= TASK DIRECTIONS =
All lines in the material below that hold "Figure" should be found and copied.

= AVAILABLE DATA =
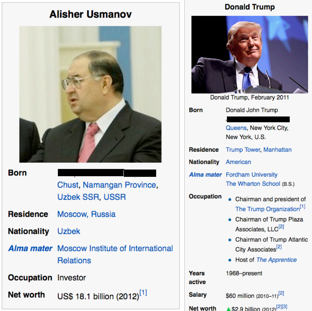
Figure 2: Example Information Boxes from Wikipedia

---

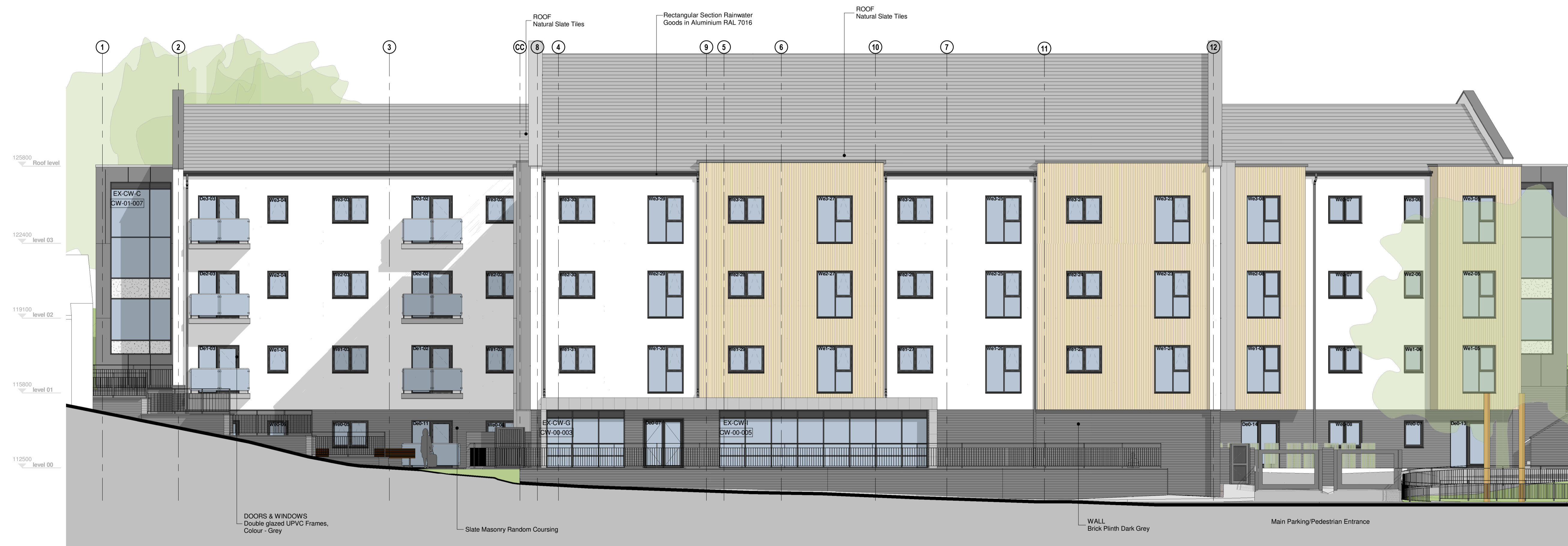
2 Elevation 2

--

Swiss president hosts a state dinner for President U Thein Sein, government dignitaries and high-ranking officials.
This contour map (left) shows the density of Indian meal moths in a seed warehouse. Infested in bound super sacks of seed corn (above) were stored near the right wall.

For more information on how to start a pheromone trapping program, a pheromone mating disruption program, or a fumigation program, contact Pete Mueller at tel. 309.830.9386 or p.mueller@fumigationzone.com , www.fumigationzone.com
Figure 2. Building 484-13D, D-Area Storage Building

= SOLUTION TO THIS EXERCISE =
Figure 2: Example Information Boxes from Wikipedia
Figure 2. Building 484-13D, D-Area Storage Building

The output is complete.